I don’t mean to rain on her parade, because now Justice Ketanji Brown Jackson deserves congratulations. I don’t doubt she’s qualified and the old Ira & Nadine era card-carrying ACLU member in me likes the idea of former public defender on the court. A mix of experiences and perspectives is a good thing, as long as a judge isn’t too driven by an ideological certainty. However, a quote highlighted from her comments upon confirmation jumped out at me: “I am the dream of the slave”. This is the single-minded identitarian bent that suffuses so much of even the broad left of center these days. It concerns me not only because its atavism defines and essentializes her role (and agenda?) as an avatar of an anachronistic communal grievance. It concerns me because it again subordinates if not erases our common role and agenda of American citizens. Is any success I achieve however modest “the Appalachian sharecropper’s dream”? Or aren’t I - and all of us - more properly concerned with the project we share today as fellow citizens of a great but imperfect country in which too many of our people of all colors and ethnicities are struggling? So, while I want to embrace Justice Jackson, I can’t help a little bit of an eye-roll when I see how she chooses to define herself. She’s older than I am and has grown up in a world of affirmative action, from clear and significant preferences in admissions and hiring, to special mentorships, scholarship programs, and contract set a sides. She’s come of age in an era of in which myriad forms of black American culture and identity enjoy enormous caché, maybe even ascendence. Why can’t she be the dream of a lawyer and teacher and school principal? You know, a middle class American success story. I’m incredibly grateful for the single mother who raised me almost entirely by herself. She sacrificed a lot so she and my sister and I could live in one of the smallest houses in the “Golden Ghetto” of a good suburban school district. She put my safety and education ahead of many of her own wants and needs. But I’ll tell you: growing up without a dad - and losing him in tragic and haunting circumstances - is no picnic, whether you’re black or white. If Justice Jackson’s upbringing as the child of a lawyer and principal is disadvantaged, I’d like to have some.

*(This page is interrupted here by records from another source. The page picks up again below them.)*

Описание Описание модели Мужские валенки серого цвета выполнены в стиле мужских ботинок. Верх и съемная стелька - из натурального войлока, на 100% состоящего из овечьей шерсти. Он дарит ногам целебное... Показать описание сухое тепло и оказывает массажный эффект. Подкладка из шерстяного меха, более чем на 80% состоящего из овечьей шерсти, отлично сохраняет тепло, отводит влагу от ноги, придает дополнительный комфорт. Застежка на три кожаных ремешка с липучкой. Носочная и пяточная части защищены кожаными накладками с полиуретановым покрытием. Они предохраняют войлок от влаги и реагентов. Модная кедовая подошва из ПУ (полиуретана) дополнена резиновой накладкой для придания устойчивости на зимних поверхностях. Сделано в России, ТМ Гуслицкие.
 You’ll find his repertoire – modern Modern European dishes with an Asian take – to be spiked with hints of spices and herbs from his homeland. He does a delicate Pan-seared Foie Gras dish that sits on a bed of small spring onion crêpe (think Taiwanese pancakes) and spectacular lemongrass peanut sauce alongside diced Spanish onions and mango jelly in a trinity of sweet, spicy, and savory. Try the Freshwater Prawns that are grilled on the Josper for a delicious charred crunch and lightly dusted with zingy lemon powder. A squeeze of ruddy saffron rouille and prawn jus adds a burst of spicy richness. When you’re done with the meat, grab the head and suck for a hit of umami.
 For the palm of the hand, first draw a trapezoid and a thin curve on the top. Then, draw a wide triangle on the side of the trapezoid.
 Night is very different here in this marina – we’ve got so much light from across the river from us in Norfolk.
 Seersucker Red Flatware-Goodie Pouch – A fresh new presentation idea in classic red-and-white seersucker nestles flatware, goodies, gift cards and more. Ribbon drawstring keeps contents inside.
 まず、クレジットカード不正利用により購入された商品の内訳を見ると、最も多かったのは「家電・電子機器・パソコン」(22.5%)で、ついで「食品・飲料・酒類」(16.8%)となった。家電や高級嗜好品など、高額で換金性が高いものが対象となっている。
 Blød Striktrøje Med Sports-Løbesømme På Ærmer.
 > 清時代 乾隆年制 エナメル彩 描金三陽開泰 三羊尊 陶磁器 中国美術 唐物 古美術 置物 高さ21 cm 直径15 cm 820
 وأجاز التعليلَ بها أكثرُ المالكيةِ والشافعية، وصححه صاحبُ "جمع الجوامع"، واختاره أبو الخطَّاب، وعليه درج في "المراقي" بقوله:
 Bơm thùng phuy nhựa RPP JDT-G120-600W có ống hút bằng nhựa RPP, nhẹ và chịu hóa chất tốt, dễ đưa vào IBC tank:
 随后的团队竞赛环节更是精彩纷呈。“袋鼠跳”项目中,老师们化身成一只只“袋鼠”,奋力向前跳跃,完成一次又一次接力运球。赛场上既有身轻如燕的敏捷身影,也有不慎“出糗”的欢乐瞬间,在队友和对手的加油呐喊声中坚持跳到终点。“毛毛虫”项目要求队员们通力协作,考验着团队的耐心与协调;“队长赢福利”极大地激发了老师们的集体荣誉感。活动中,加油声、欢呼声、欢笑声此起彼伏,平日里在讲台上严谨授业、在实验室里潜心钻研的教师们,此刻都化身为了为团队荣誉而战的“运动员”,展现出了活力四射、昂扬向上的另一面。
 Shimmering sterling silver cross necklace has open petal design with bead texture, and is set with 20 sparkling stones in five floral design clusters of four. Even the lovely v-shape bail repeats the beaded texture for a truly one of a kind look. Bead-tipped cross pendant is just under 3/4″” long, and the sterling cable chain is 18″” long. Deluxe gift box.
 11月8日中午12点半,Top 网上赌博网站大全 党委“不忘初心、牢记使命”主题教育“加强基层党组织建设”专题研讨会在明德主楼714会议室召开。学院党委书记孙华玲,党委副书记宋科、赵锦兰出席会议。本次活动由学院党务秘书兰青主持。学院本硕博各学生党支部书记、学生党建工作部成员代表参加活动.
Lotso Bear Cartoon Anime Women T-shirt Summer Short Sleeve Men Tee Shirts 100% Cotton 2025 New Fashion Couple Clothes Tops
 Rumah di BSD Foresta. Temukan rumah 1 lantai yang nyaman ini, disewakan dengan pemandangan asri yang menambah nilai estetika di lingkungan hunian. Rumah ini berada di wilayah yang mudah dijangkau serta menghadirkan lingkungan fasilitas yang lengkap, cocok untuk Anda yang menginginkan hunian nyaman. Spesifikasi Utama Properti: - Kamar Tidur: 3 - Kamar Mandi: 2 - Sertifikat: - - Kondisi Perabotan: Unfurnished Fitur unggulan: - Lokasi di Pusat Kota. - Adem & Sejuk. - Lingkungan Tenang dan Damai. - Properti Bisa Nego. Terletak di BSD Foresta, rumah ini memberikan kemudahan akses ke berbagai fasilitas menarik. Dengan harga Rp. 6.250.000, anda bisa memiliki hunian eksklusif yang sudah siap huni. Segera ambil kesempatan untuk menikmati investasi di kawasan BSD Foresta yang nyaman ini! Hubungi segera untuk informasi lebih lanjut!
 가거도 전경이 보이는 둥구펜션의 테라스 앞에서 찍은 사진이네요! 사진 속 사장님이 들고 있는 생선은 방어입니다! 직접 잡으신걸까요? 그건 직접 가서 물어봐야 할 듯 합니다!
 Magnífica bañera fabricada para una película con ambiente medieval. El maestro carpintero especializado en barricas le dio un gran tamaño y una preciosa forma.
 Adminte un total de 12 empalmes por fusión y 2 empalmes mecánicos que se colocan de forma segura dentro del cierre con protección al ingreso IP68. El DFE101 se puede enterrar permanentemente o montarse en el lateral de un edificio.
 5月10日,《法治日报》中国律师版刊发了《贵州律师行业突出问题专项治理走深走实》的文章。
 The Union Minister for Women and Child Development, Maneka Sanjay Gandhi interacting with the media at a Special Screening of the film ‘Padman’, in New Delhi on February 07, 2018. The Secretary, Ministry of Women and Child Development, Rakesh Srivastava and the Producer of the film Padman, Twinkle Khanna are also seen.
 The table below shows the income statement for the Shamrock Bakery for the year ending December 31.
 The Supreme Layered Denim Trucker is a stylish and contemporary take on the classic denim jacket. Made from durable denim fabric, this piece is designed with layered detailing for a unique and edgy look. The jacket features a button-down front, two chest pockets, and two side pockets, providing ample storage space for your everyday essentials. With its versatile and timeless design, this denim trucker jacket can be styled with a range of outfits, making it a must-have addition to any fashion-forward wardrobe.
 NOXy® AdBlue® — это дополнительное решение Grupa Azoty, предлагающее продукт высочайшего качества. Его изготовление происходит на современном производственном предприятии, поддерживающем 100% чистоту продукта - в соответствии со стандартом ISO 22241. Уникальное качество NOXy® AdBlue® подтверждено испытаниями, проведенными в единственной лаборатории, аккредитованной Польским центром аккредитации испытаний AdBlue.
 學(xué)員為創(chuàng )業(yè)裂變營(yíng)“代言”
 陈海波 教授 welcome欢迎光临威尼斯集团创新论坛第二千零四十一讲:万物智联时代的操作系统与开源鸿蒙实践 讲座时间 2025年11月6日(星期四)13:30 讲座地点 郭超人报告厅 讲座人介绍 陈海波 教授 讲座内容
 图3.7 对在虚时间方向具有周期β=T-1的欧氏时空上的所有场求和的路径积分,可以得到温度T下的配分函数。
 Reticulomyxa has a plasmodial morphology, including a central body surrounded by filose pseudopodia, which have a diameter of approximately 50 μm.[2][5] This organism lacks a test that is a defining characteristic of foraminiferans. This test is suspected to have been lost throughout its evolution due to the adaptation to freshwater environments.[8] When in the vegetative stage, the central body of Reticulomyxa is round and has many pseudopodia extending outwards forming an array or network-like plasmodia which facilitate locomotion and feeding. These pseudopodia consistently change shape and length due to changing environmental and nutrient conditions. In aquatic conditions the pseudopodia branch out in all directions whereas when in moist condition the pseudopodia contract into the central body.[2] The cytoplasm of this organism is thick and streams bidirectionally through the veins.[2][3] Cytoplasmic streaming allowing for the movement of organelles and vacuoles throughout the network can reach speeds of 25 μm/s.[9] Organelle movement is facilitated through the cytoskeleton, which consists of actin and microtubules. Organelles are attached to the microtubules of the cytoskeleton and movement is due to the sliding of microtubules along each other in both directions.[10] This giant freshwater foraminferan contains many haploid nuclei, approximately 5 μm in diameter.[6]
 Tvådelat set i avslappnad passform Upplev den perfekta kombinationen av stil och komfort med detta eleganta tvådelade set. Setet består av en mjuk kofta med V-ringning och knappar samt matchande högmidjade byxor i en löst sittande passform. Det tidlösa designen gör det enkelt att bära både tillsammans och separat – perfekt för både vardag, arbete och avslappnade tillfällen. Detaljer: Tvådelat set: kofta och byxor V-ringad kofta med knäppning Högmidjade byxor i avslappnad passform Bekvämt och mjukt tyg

She’s not Thurgood Marshall enduring death threats and hopping between safe houses as he fought for voting rights in the Deep South. She’s not Clarence Thomas, who, however cynically his appointment may have been strategized by the GHW Bush White House, did grow up in astounding poverty and deprivation in a different America. She was selected only from candidates with the threshold ideological and identity requirement of being left-leaning black women. For how long are we supposed to regard these characteristics as some sort of disadvantage in American professional life, when, ever more, they are plainly an advantage. Finally, I don’t like the implication that Justice Jackson as the present day embodiment of “the slave’s dream” is in her opinions somehow representing an inherently more righteous, just point of view, essentialized in her skin color and distant heritage. I want a Justice Jackson who can powerfully speak to the experience of genuinely quite powerless criminal defendants. I don’t want a Justice Jackson who is supposed to perceived as holy messenger from Americans enslaved over a hundred a fifty years ago.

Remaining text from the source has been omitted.